When Yim sought to locate the child, she discovered that its wail was not a sound that ears could hear. Another of her senses—one honed under the Wise Woman’s tutelage—had detected it.
Am I hearing a spirit?
Yet no ghostly voice had ever sounded so immediate.
This is no echo from the Sunless World. It’s a scream from this one.

Yim stopped using her ears and followed her intuition. The cry seemed to be coming from the road that led into the woods. Trees crowded its edges so tightly that in the failing light it resembled a cavern, not a thoroughfare, a place one enters without assurance of return. Nevertheless Yim followed the cry up the tree-shadowed lane. As she slowly advanced, the wail became louder. The sky darkened until Yim was walking nearly blind. She stumbled along the uneven pavement and at last approached a large ruin. All she could see was its silhouette, a huge expanse of blackness against the night sky. Though the structure appeared abandoned, Yim took no comfort from that. She felt the presence of something or someone malign. The impression was as distinct as the scent of a corpse in a dark room. Yim held the knife at the ready and advanced warily.

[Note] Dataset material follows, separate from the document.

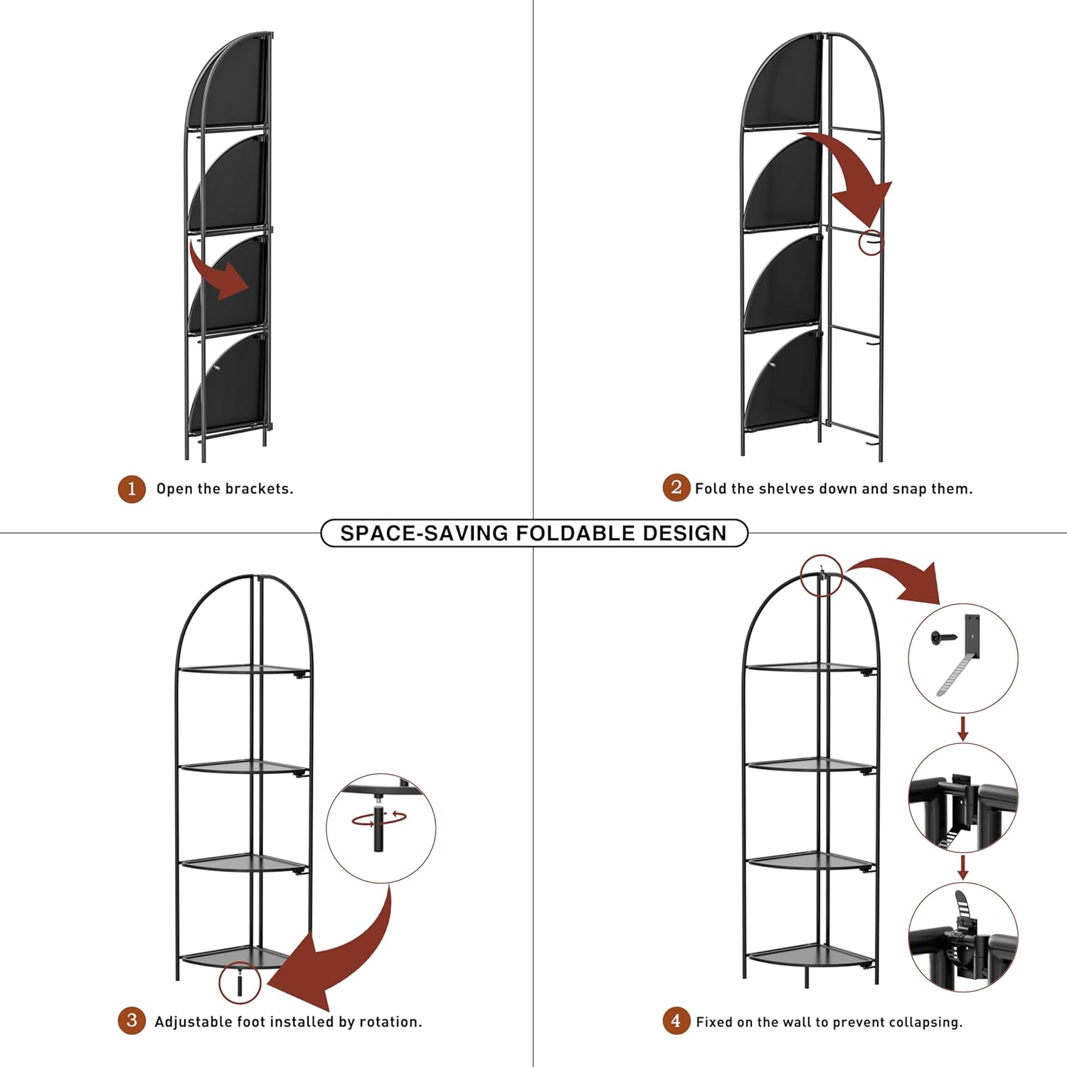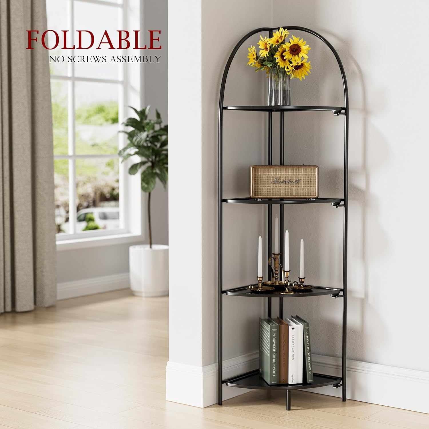 Crofy Foldable 4 Tier Corner Shelf, Metal Corner Plant Stand with Black Frame and Black Shelves, Corner Display Rack Multipurpose Shelving Unit for Living Room, Bedroom, Bathroom

The night was absolutely still; yet the wail sounded so loudly in Yim’s head that she could hardly bear it. Only its piteousness prevented her from fleeing. Just then, the moon peeked over the horizon, and its light revealed more of the structure. It was a castle where vines and trees were completing the destruction wrought by some ancient enemy. Yim could make out a gateless and crumbling gatehouse, breached walls bearing stumps of watchtowers, and a cylindrical keep.

The cry came from the gatehouse. Yim entered it. Between the outer and inner archways was a roofless space littered with rubble. The night sky provided the only illumination, for the moon was too low to shine into the gatehouse’s interior. Yim stubbed a toe as she stumbled about in the gloom. While she waited for the pain to subside, she noticed a doorway in one of the walls. It was pitch black, but she could make out a pale object that was suspended in the opening. It was the source of the wail.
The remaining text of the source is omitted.